MAL-ESTAR NO TEMPO DE THANATOS
TRECHO ...
O mundo contemporâneo é, de fato, um mundo de proposições descritivas, onde a realidade fenomênica da existência humana se baseia em discursos empobrecidos em sua racionalidade, com problemas insolúveis do ponto de vista ético e moral na ciência e na tecnologia, na política e na educação, além dos parâmetros do non sense presentes na velocidade do tempo, na desregulação normativa, no narcisismo corporal e no excesso de adicções.
Por outro lado, o conceito de contemporaneidade ainda não está amplamente definido, nem mesmo compreendido ou aceito na atualidade. Muito se tem escrito sobre a modernidade e a pós-modernidade, assumindo sempre a descrição de uma ruptura epistêmica com uma teorização centrada nas distinções entre uma e outra dimensão histórica.
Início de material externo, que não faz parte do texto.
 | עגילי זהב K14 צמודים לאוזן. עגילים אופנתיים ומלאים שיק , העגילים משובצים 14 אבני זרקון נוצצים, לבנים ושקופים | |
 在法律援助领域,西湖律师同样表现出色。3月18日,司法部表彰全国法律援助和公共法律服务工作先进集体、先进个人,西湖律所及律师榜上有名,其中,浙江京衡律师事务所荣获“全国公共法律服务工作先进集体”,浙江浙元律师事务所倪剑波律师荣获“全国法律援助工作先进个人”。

Mas, na tentativa de localizar o drama do ethos contemporâneo, poderíamos enfatizar aqui que a contemporaneidade, por sua vez, arrasta consigo a vivência desses dois registros simbólicos e imaginários, cuja representação valida um tempo que se estrutura no campo de uma política de acontecimentos, de situações além do possível, onde a existência humana e as sociedades são tocadas pelo espírito da descontinuidade, da indeterminação de referências e de identidades em um mundo cada vez mais escasso e contingente. É um modo de vida que pressupõe a saturação dos espaços e do tempo na comunidade, cujo regime interior já não se baseia mais na lei ou na harmonia do ethos (costumes, modo de ser, carácter), senão em “existências inexistentes”, onde as relações recíprocas se veem afetadas por novos modelos de sensibilidade
Nessa nova ordem de composição da politéia contemporânea, surgem fatos, situações com novas tessituras, contextos com novos entrelaçamentos, instituições com novas formas de identidade e acelerações que criam novas formas sociais, das quais surgem novos objetos reordenados com novas idiossincracias, flutuando na delimitação de suas fronteiras, tocados apenas pelo sentido sem sentido de um sujeito agitado pela dúvida que vive na incompreensível meta de seus desejos.
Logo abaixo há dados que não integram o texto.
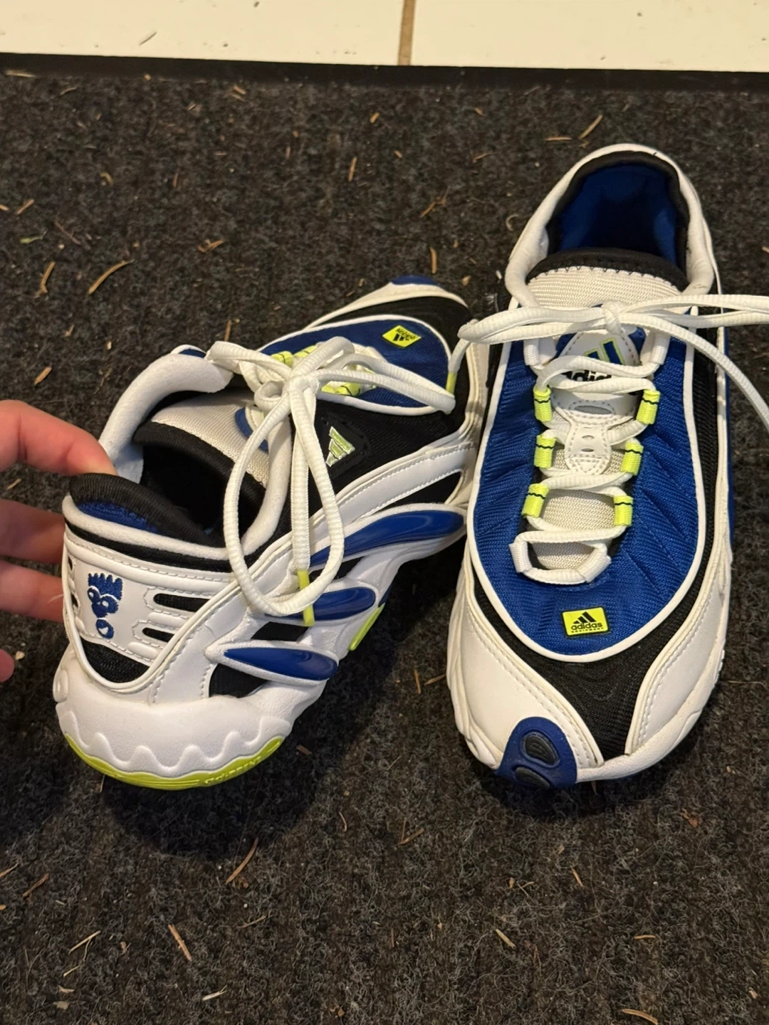 A pair of Adidas sneakers in white, blue, and black. They're laced up and ready to go. These shoes feature a comfortable design.

Poder-se-ia dizer que a contemporaneidade é a sede lacunar de uma relação sem verdade, de um fato alheio ao possível, de uma existência que pode ser pensada como a expressão de uma fugacidade de sujeitos sem vínculos obrigatórios com o locus antropológico, que identifica a sociedade, a cultura e o indivíduo como manifestação comunal de partilhamento do logos. Agora, por este caminho, só existe uma ecologia da desesperança, medo e temor, para ser vivida como uma experiência indeclinável, intransferível, em um espaço democraticamente perturbado pela saturação de elementos políticos imersos em um itinerário de assimetria e anomia social. Este é o tempo de Thanatos no qual vigora um novo tipo de mal-estar.